Nothing but the lines from the one containing "走进店内就能看到一个长达9米" through the last line of the records belongs in the answer, copied exactly and with the pictures left out.

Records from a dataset
──────

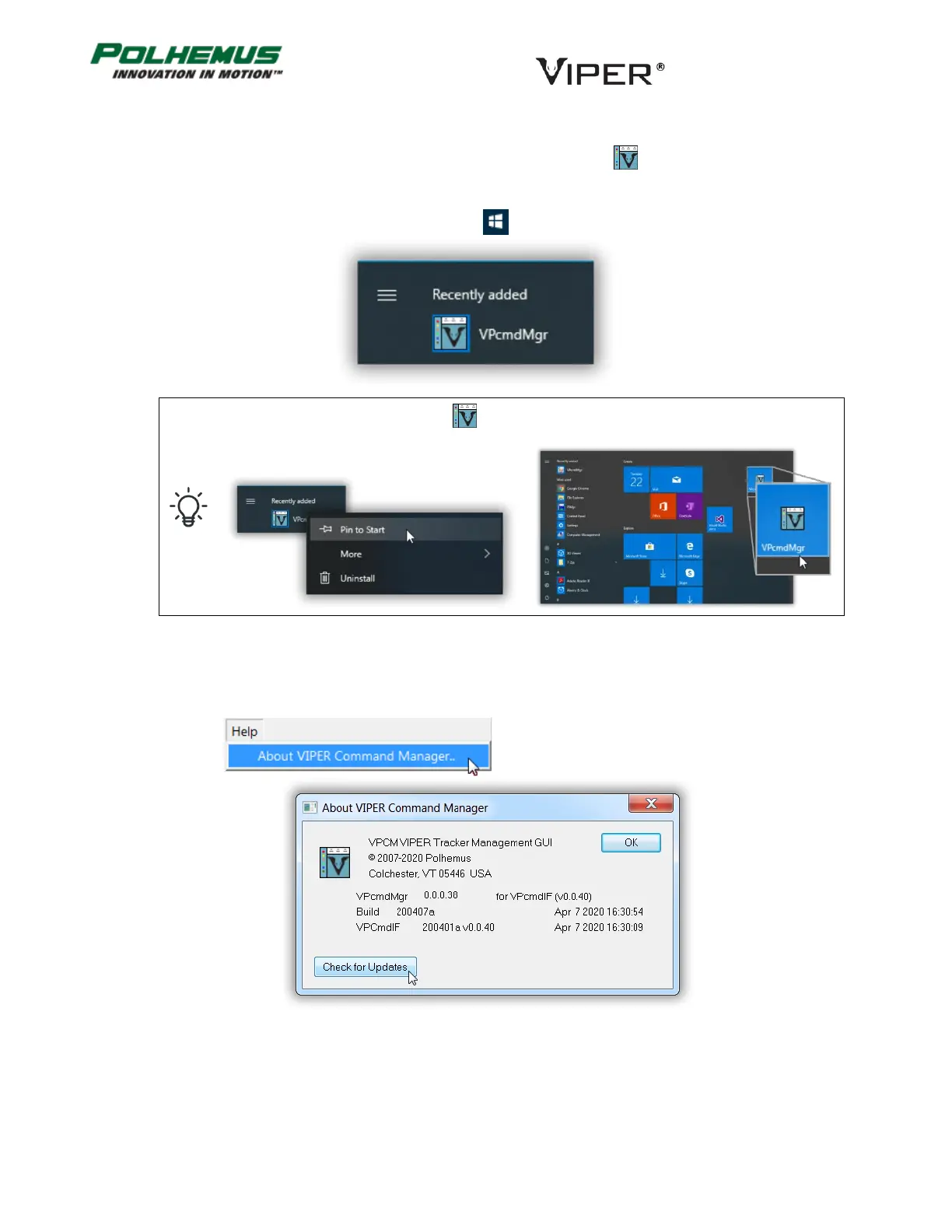 After installing VIPER™ Command Manager for the first time, check for available updates to the program.
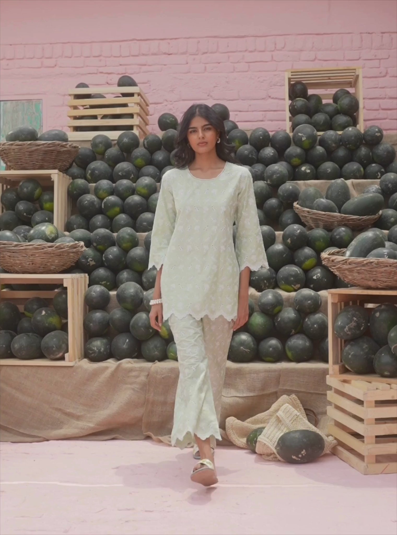 A stylish co-ord set consisting of a long top and wide-leg trousers. The outfit features a delicate eyelet embroidery pattern throughout the fabric, adding an interesting texture. The top has a round neckline and three-quarter sleeves, with a scalloped hem. The trousers are cropped and have a matching scalloped hem, creating a cohesive and harmonious look. The light, pastel green color of the set is perfect for a casual, yet chic appearance. ?ÿ
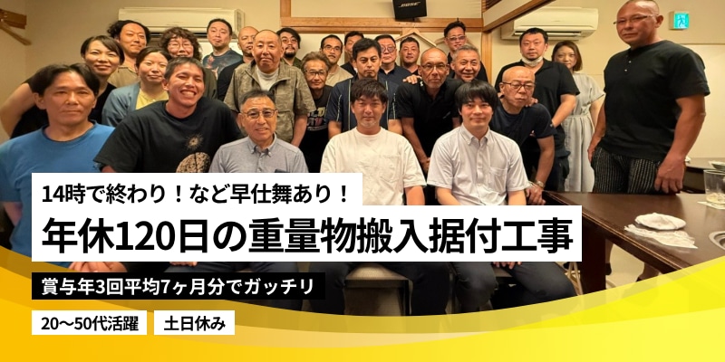 20代入社4ヶ月で月給40万円可能◆年3回賞与(7ヶ月分)/重量物の搬入据付工事スタッフ
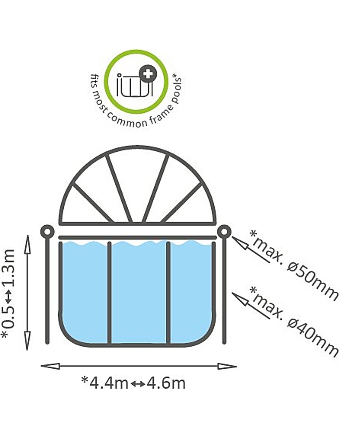 Kopuła basenowa EXIT jest wielofunkcyjną obudową dla Twojego basenu. Kopuła jest odpowiednia dla okrągłych basenów EXIT o średnicy 450 centymetrów i dla wielu innych basenów ramowych o średnicy pomiędzy 440 a 460 centymetrów. Czy chciałbyś, aby Twój basen zyskał dodatkowy akcent? Te wyjątkowe kopuły są prawdziwym atutem Twojego basenu i zagwarantują godziny zabawy i pływania, nawet gdy pogoda jest nieprzewidywalna.
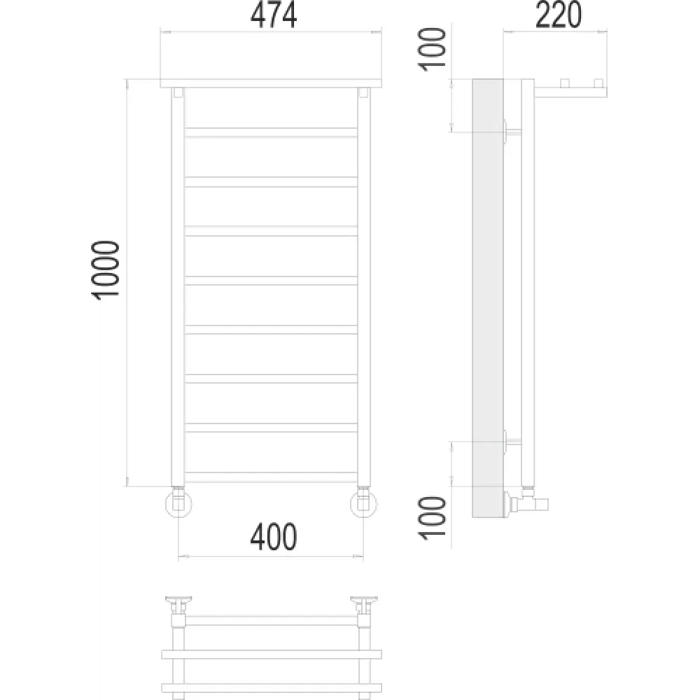 Полотенцесушитель водяной TERMINUS Контур 400x1000/9 1/2" с полкой, нижнее подключение
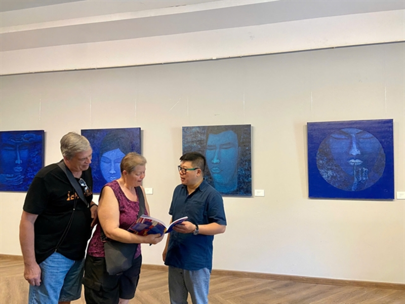 metaphors for various emotions and thoughts at the city Fine Arts Museum. The exhibition “Hiện Tại Màu Lam” (The Blue of Now) displays more
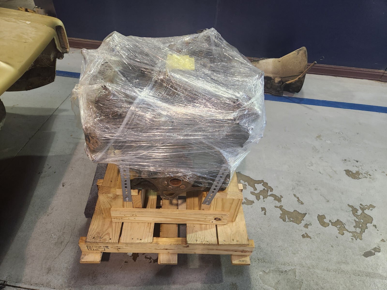 Dodge offered two versions of the 383 for their Charger in ’69, one with a 2-barrel on top making 290 HP or you could go for the 4-barrel variant and get an additional 40 horses. This car is equipped with the latter, or maybe I should say was because the motor’s now been removed and is sitting on a pallet, but the engine is stated as the numbers-matching block although no word on if it was running before being taken out. We get a good shot of the compartment post-removal, with things in the bay looking better than I was expecting.
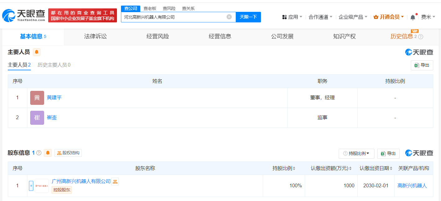 据每日经济新闻报道,天眼查App显示,近日,河北高新兴机器人有限公司成立,法定代表人为黄建平,注册资本1000万人民币,经营范围含服务消费机器人制造、服务消费机器人销售、智能机器人的研发、人工智能应用软件开发、人工智能基础软件开发、人工智能双创服务平台等,由广州高新兴机器人有限公司全资持股。
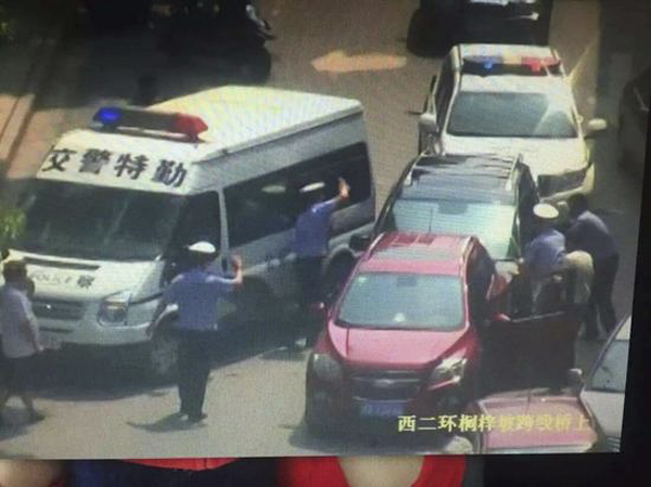長沙交警特勤大隊(duì)民警在桐梓坡路西二環(huán)橋下開展例行酒駕整治時(shí),車牌為湘A27K07的黑色小型越野車駕駛?cè)司懿幌ɑ?,并緊閉車門、車窗,拒絕出示相關(guān)證件和下車配合接受酒精測試。 圖片來源于新浪微博
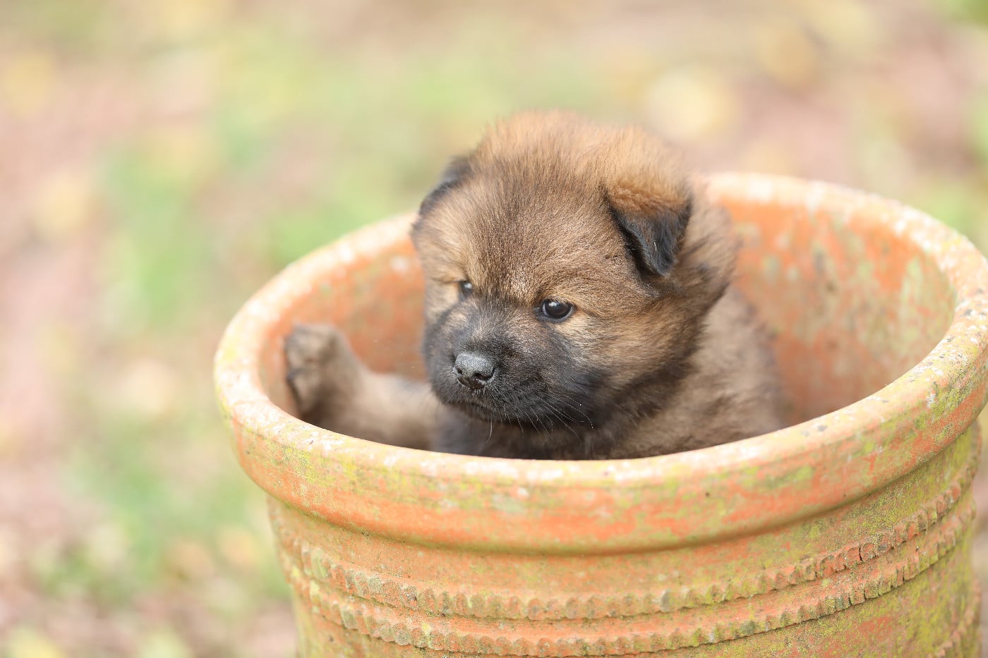 Chiots Eurasier ATTANE (collier bleu) de l'Orée du Serpentout
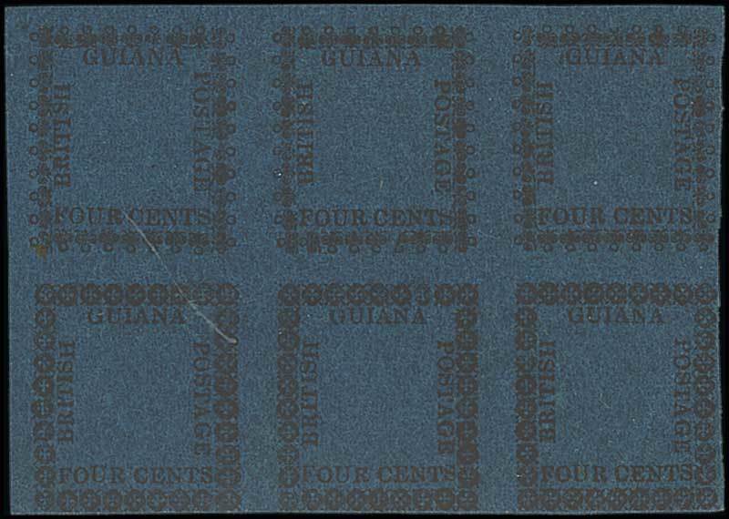 1862 (Sept.) Type-set, 4c. blue unsigned block of six (3x2), Rows 3/4, 4-6, comprising Types 15 above 14, unused without gum; corner crease at lower right. A rare multiple. B.P.A. Certificate (2007). S.G. 123a, 124a, £8,100+. Photo
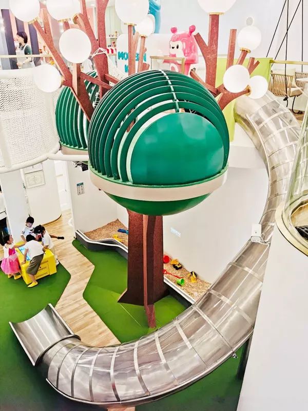 走进店内就能看到一个长达9米的巨型滑梯,贯穿餐厅的上下两层,超长的滑道安全措施却十分完善,即便是年龄不大的宝宝也可以放心体验。
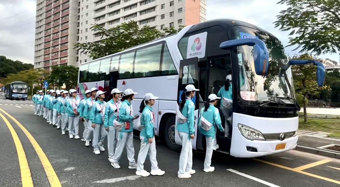 激情全运会,活力大湾区,11月13日第十五届全国运动会花样游泳赛事在江门体育中心游泳馆正式拉开帷幕。广东江门中医药职业学院277名“小海豚”志愿者乘坐组委会的接送大巴,于7时准时抵达场馆,整装投身到赛事志愿服务中。

──────

- [Finished exercise]:
 走进店内就能看到一个长达9米的巨型滑梯,贯穿餐厅的上下两层,超长的滑道安全措施却十分完善,即便是年龄不大的宝宝也可以放心体验。
 激情全运会,活力大湾区,11月13日第十五届全国运动会花样游泳赛事在江门体育中心游泳馆正式拉开帷幕。广东江门中医药职业学院277名“小海豚”志愿者乘坐组委会的接送大巴,于7时准时抵达场馆,整装投身到赛事志愿服务中。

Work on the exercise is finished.